British neuroscientist

Richard Graham Michael Morris, (born 27 June 1948), is a British neuroscientist. He is known for developing the Morris water navigation task, for proposing the concept of synaptic tagging (along with Julietta U. Frey (formerly published under Uwe Frey), and for his work on the function of the hippocampus.

He is the director of the Centre for Cognitive and Neural Systems (Edinburgh) and the Wolfson Professor of Neuroscience at the University of Edinburgh. Since 1994 he has been a fellow of the Royal Society of Edinburgh and since 1997, he has been a fellow of the Royal Society. Morris was appointed a Commander of the Order of the British Empire in 2007.

Morris, together with Tim Bliss (Francis Crick Institute) and Graham Collingridge (University of Bristol) were named as winners of the 2016 Brain Prize for their discoveries about the way synaptic connections in the hippocampus are strengthened by stimulation. The process, known as long-term potentiation (LTP), forms the basis of the ability to learn and to remember.

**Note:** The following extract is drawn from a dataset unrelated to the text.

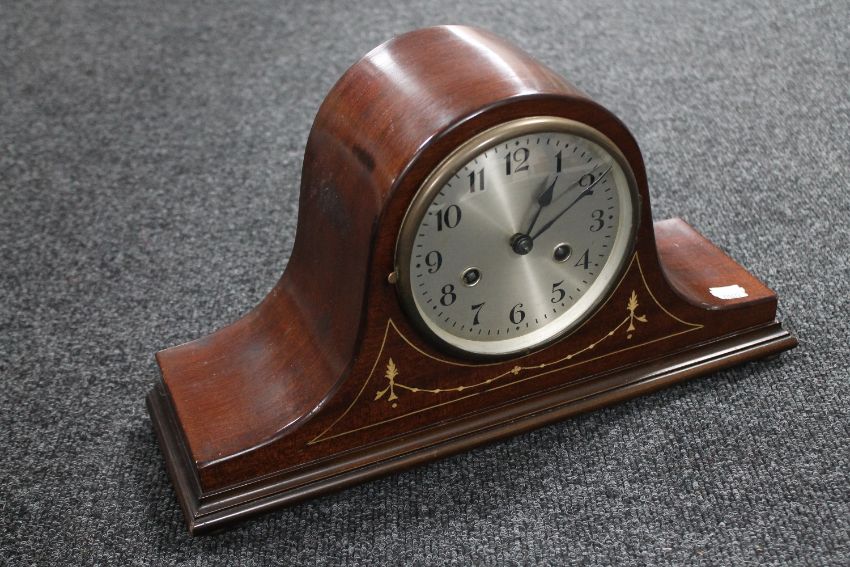 An early 20th century inlaid mahogany mantel clock with silvered dial

He was elected Member of the National Academy of Sciences in April 2020.

==Education==
Morris received his BA in natural science from Trinity Hall, Cambridge and D.Phil. from the University of Sussex in 1973. He was a lecturer at the University of St Andrews from 1977 to 1986 where he developed the Morris water navigation task. He moved to the University of Edinburgh in 1986.